A practical advantage of GenCast is its speed. Generating a single 15-day forecast takes about eight minutes on one Cloud TPU v5 device, and because each ensemble member is independent, all members can be produced in parallel across multiple devices [1][2]. By contrast, physics-based ensembles such as ENS require hours of computation on supercomputers using tens of thousands of processors [2]. The comparison concerns inference cost only; GenCast still depends on conventional analyses for its initial conditions, and its training consumed substantial compute up front.

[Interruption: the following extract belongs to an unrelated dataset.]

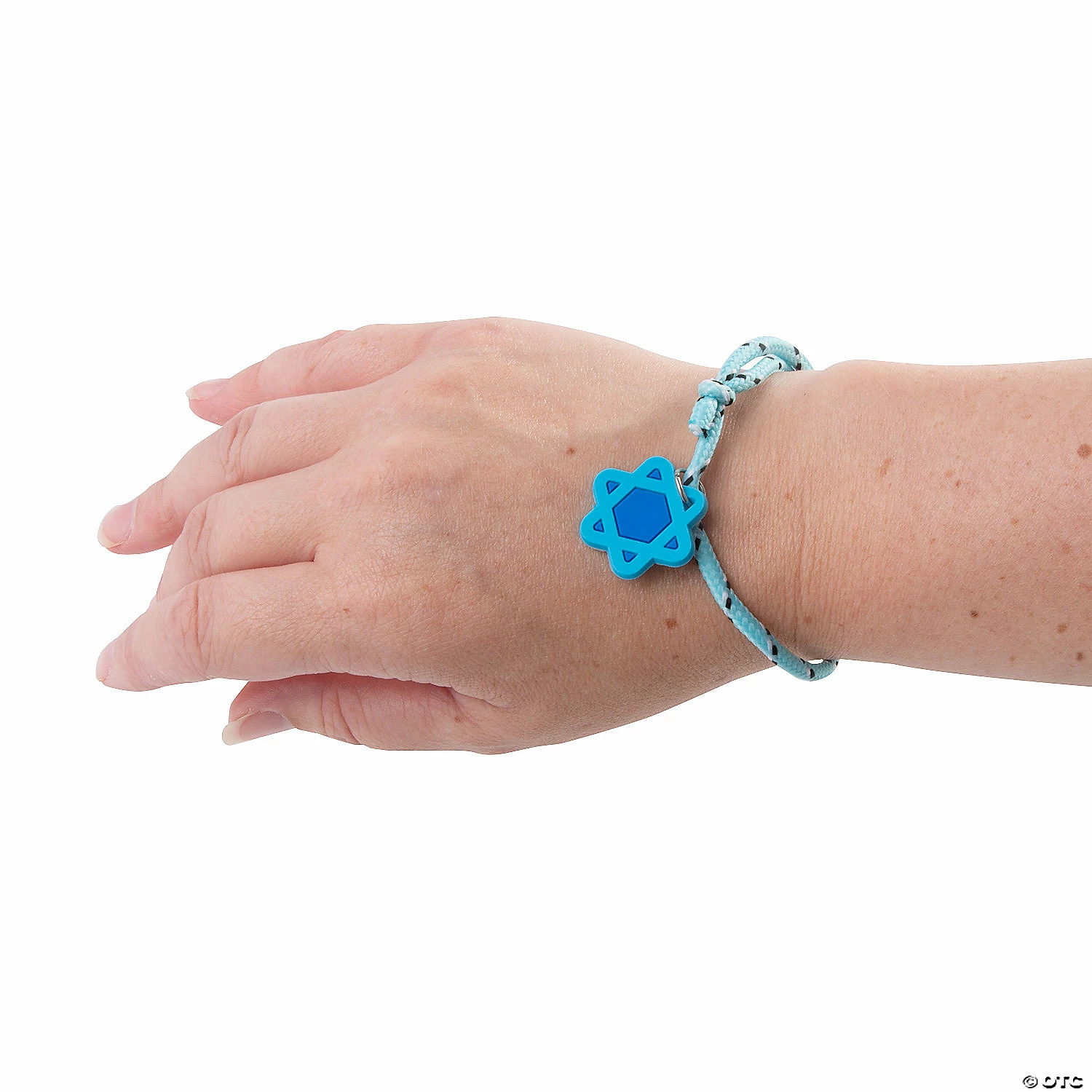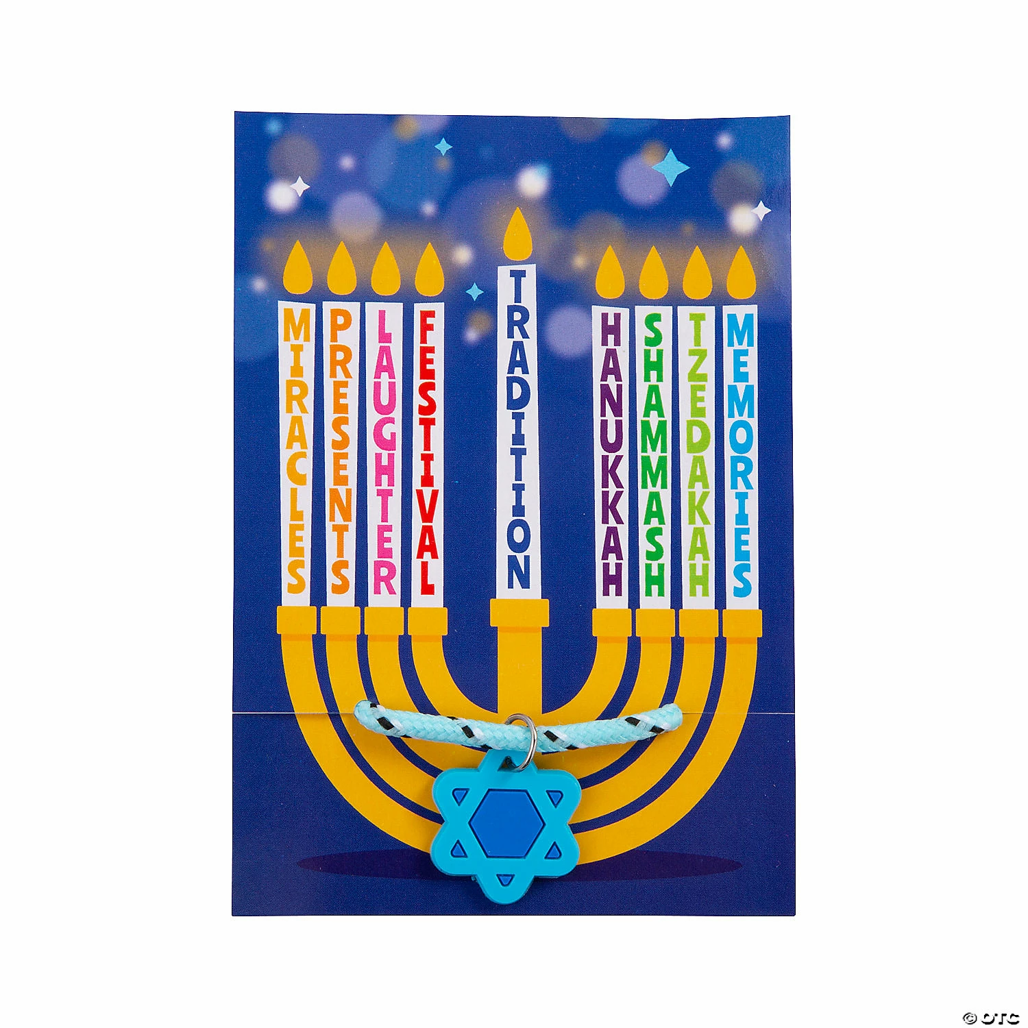 Celebrate the Festival of Lights with a charming party favor. Featuring a nylon bracelet with a silicone charm of the Star of David on a colorful cardstock card picturing a menorah with words on the candles, this small giveaway is perfect for Hanukkah celebrations. Nylon. Cardstock card, 3-1/2″ x 5″; bracelet, 13″ circ. with 1″ charm. Simple assembly required. © OTC

DeepMind released GenCast as an open model. Its code is distributed under the Apache 2.0 licence, and the trained model weights are made available under a Creative Commons Attribution-NonCommercial-ShareAlike 4.0 (CC BY-NC-SA 4.0) licence, alongside GraphCast in the same public repository [6]. Several pretrained checkpoints were published, including a 0.25-degree model trained on data up to 2019, an operational variant fine-tuned on ECMWF HRES analyses, and smaller 1.0-degree models, one of which is light enough to run in a free cloud notebook [6].
GenCast and GraphCast were subsequently incorporated into Google's WeatherNext family of forecasting products, with the diffusion-based ensemble model corresponding to the "Gen" component, making the forecasts available through services such as Google Earth Engine and BigQuery [2][7]. In November 2025 DeepMind announced WeatherNext 2, a successor that it reported was faster and more skilful than the earlier WeatherNext model [7].
GenCast demonstrated that generative machine learning could deliver probabilistic medium-range forecasts that surpass the best operational physics-based ensemble on the great majority of standard targets, while running orders of magnitude faster at inference time. For the forecasting community it offered both a new methodological template, the use of diffusion models on the sphere, and a concrete signal that data-driven ensembles can complement and in places exceed traditional NWP. The decision to release code, weights and example forecasts lowered the barrier for researchers and forecasters to build on the approach, and the model's integration into Google's WeatherNext products marked an early step toward operational use of machine-learning ensembles [1][2][6].